ASSIGNED TASK —
The required output is the stretch from the line containing "陸豐市市場監(jiān)督管" through the line containing "restored paintings |" in the records below, unaltered and with no pictures.
-------- RECORDS FOR THIS TASK
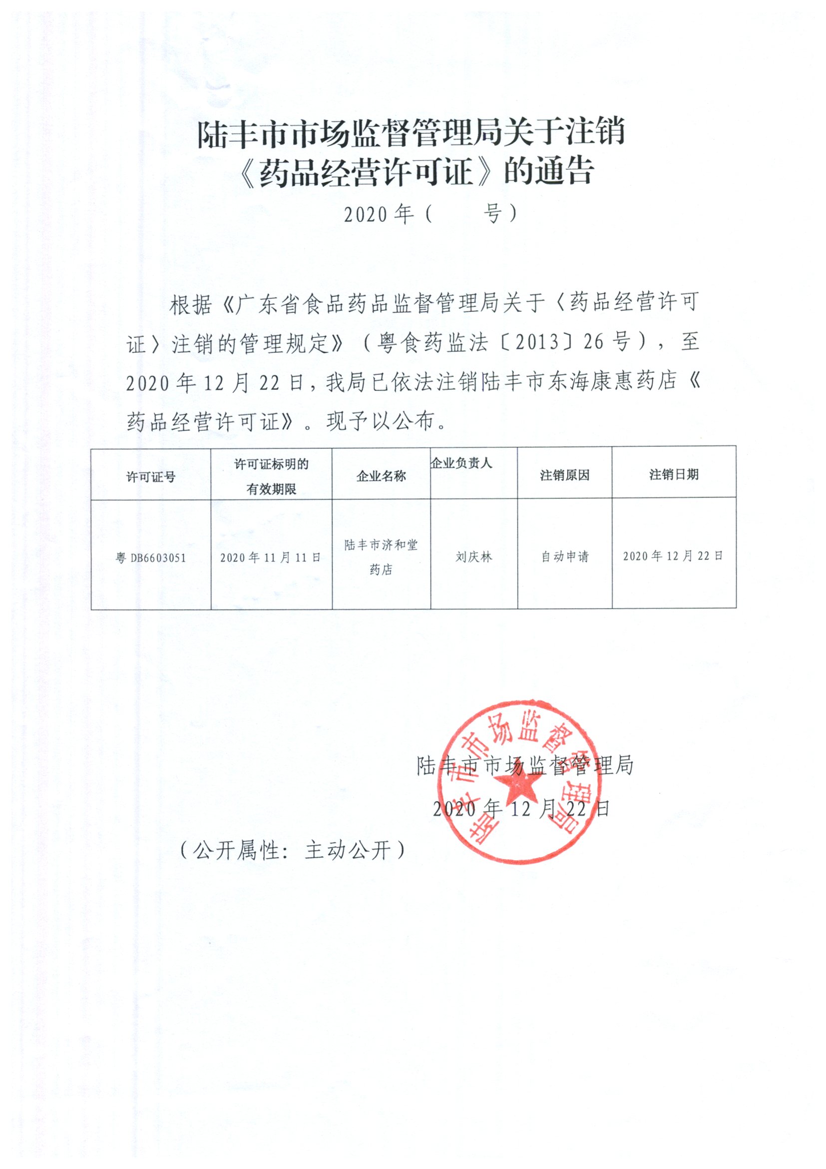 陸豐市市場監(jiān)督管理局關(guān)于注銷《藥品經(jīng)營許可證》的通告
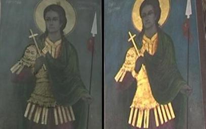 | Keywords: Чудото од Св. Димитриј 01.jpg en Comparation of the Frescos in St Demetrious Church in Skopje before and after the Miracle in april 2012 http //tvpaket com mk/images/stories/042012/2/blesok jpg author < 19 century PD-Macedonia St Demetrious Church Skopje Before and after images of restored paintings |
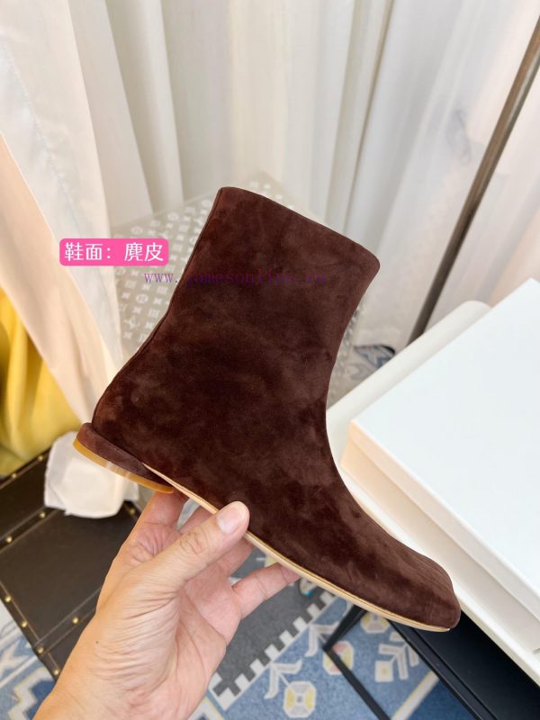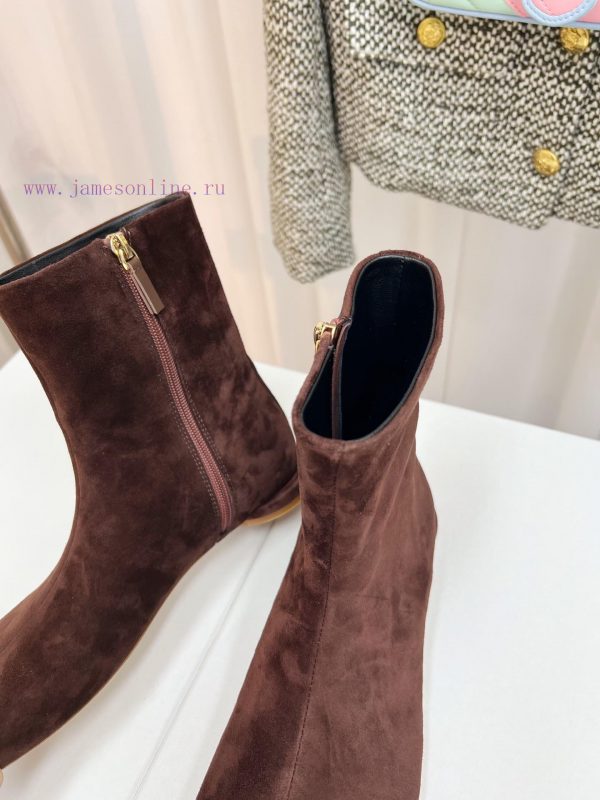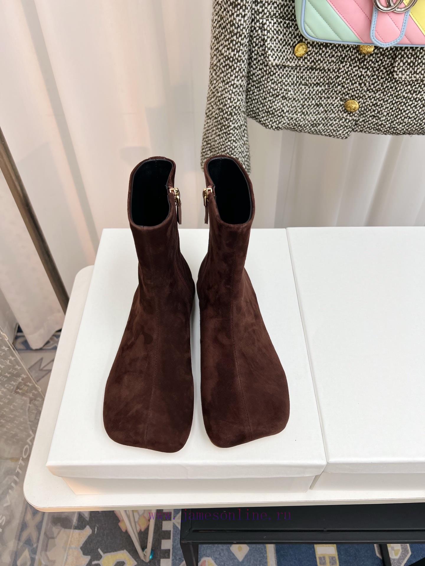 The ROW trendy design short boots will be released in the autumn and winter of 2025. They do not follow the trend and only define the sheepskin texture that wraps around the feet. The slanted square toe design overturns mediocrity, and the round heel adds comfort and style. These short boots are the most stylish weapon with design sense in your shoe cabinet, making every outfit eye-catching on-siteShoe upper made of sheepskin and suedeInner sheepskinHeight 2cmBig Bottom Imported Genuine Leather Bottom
----------------
-------- RECORDS FOR THIS TASK
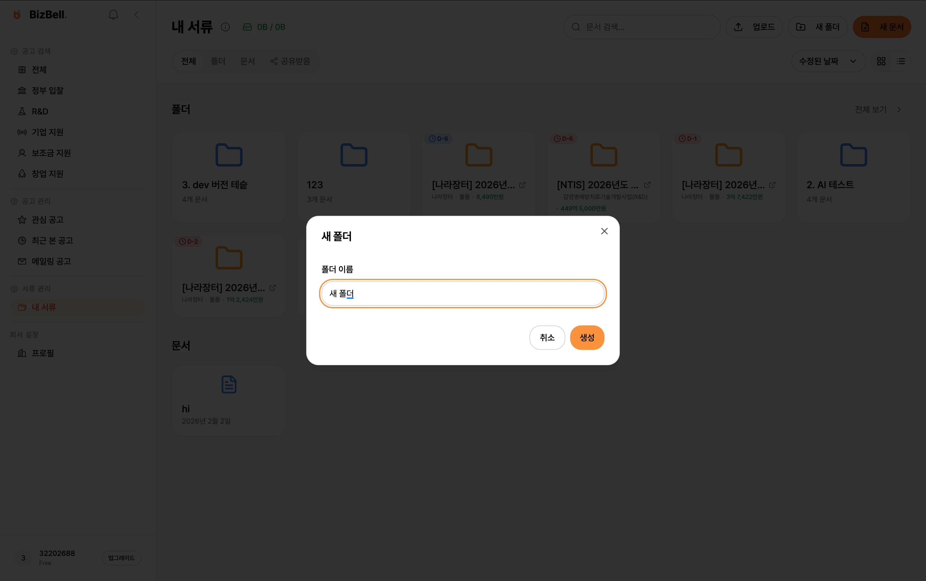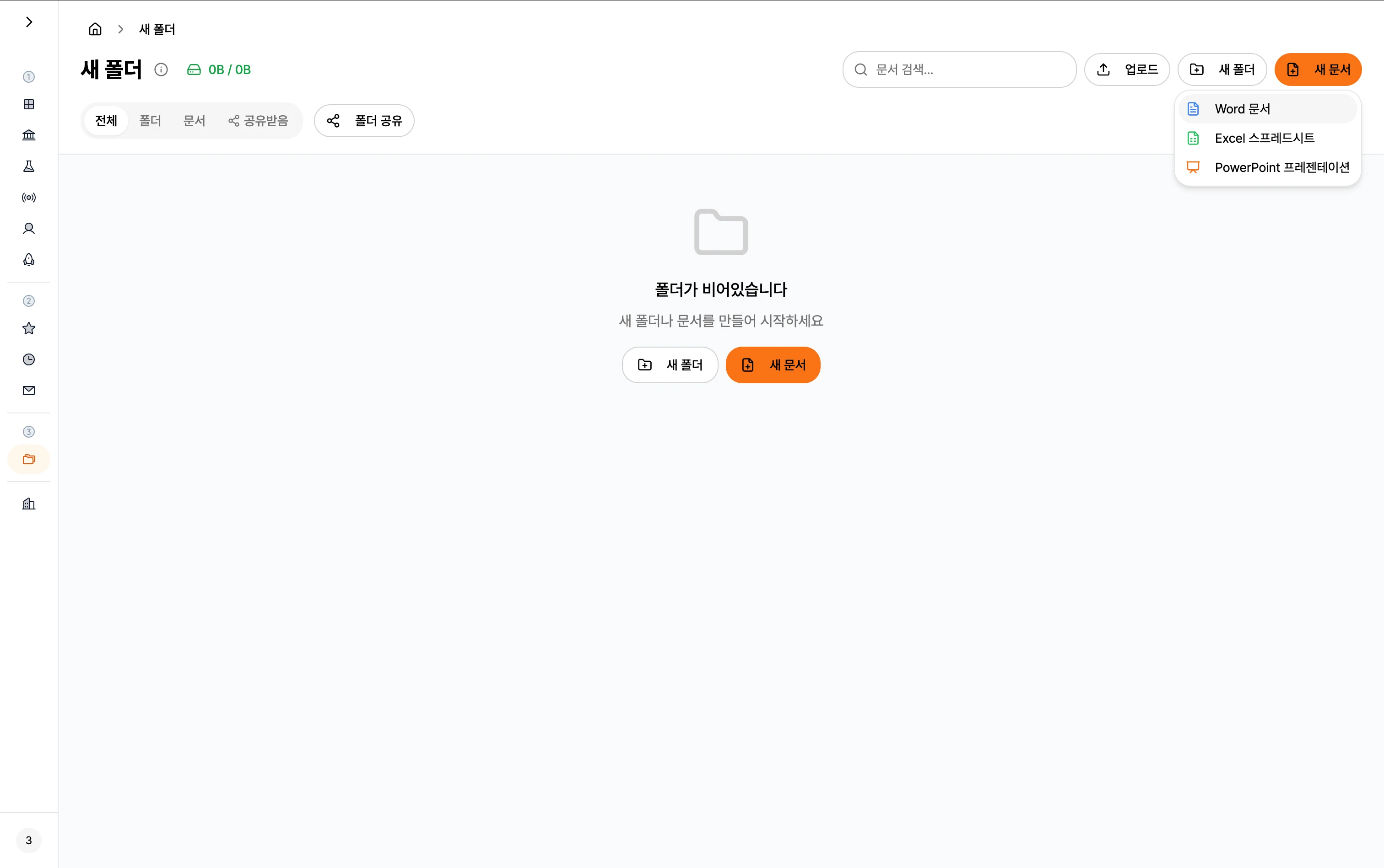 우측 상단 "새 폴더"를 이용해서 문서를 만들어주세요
----------------
SOLUTION TO THIS EXERCISE —
 陸豐市市場監(jiān)督管理局關(guān)于注銷《藥品經(jīng)營許可證》的通告
 | Keywords: Чудото од Св. Димитриј 01.jpg en Comparation of the Frescos in St Demetrious Church in Skopje before and after the Miracle in april 2012 http //tvpaket com mk/images/stories/042012/2/blesok jpg author < 19 century PD-Macedonia St Demetrious Church Skopje Before and after images of restored paintings |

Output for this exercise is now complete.